La constancia en el anhelo de ser libre ha llevado a Paul Thomas Anderson a un reconocimiento inusitado. El hilo invisible opta a seis premios Oscar, una institución poco dada a acoger en su seno cualquier atisbo críptico. Puede ser que la apariencia clásica de la cinta de Anderson haya despistado a los académicos o que simplemente nominar su vestuario, decoración, música e interpretaciones parezcan decisiones más que obvias sin ni siquiera ver la obra. El caso es que Anderson ha colado un caramelo envenenado, malsano, cruel y perturbado bajo la apariencia de la eterna historia de amor tóxica (como bien debe ser en la ficción).

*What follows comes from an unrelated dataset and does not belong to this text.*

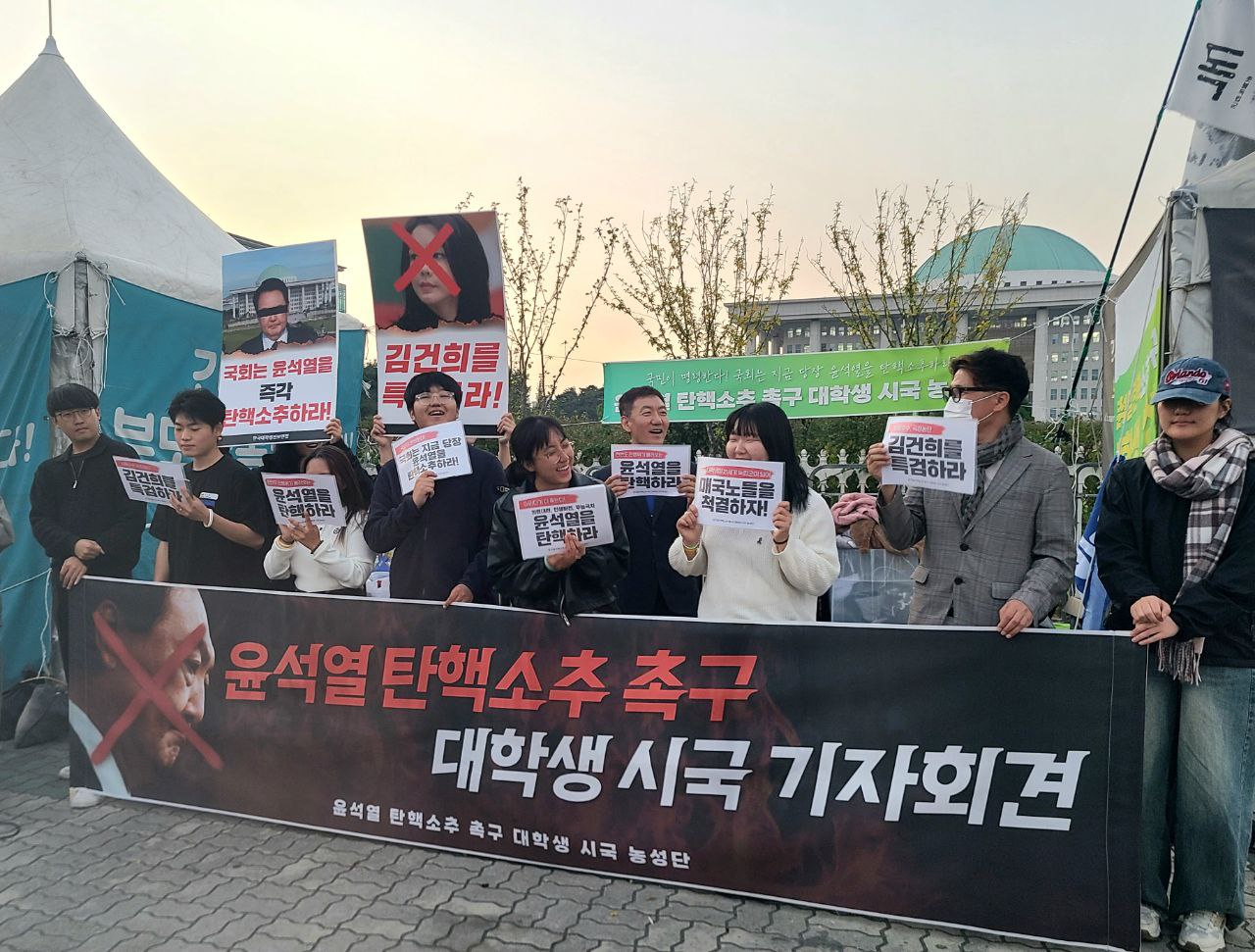 국회 정문 앞에서 윤석열 탄핵소추안 발의를 촉구하고, 윤석열의 계엄 시도를 반대하는 서명 및 홍보활동을 했습니다.

Tras la breve presentación de la pareja formada por el soberbio modisto Reynolds Woodstock y su hermana, la misteriosa Cyril, asistiremos a la impulsiva acogida por parte del primero de la camarera Alma. La historia de amor se inicia con una tímida invitación a cenar y la advertencia de la chica: “Lo que sea que vayas a hacer, hazlo con cuidado”. A partir de aquí comenzará un juego de poder donde no sabemos quién está poniendo realmente las reglas. El encaje de ambos personajes parece transitar por el manido tópico del artista (masculino) y su musa (femenina). Parece insinuarse que la hermana de Reynolds maniobrará en favor de su hermano, poniéndose en contra de la intrusa que perturba la paz del artista. Pero como ya comentamos en su día, Anderson es incapaz de plegarse a los tópicos y nada transitará por los derroteros previstos.

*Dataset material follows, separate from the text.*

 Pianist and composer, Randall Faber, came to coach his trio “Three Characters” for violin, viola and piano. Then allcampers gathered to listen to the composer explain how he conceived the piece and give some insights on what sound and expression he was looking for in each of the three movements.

Las nebulosas imágenes construidas sobre la sublime partitura de Jonny Greenwood siguen la tónica del cine de Anderson. La narración va más allá del simple concepto cinematográfico de secuencia, estirando el relato a lo largo del tiempo y deteniéndose cuando es necesario con el consiguiente silencio de la música. El hilo invisible se construye como una montaña rusa que alterna momentos de ritmo inquieto con otras de aparente calma sustentadas en las prodigiosas interpretaciones de Daniel Day-Lewis y Vicky Krieps. Anderson es capaz de resolver sus escenas con planos y contraplanos, que en manos de otro hubiesen caído en el más absoluto de los aburrimientos, pero que en las suyas nos demuestran lo importante de la puesta en escena, el montaje, la iluminación y, sobre todo, el sonido, uno de los puntales no solo estético sino narrativo de El hilo invisible.

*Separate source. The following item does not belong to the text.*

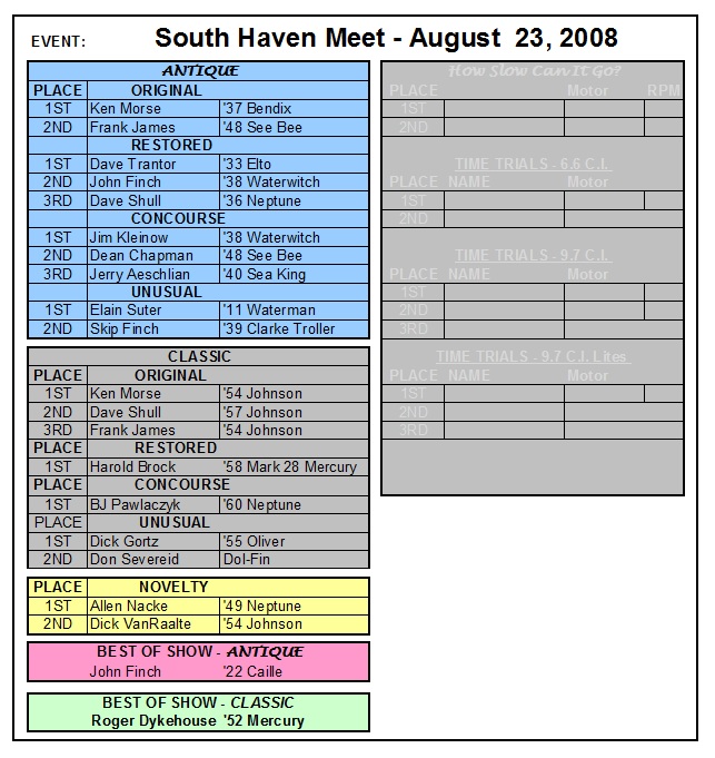 Wolverine Chapter Meet in South Haven, Michigan on Saturday August 23, 2008

La apariencia clásica de El hilo invisible remite sin remedio a los misterios de Hitchcock (no quiero creer que el nombre de la protagonista sea casual), la elegancia de Ophüls, y cierta sequedad de estirpe bergmaniana, como referentes más obvios. Aún así, Paul Thomas Anderson es poseedor de su propia voz, siendo capaz de proyectarse hacia el futuro sin dejar de mirar al pasado con una historia de pasión desbordada donde el contacto físico es más bien escaso y los secretos escondidos en los pliegues nunca obtendrán respuesta más allá de la intimidad de dos enamorados que saben comprenderse en su propio juego.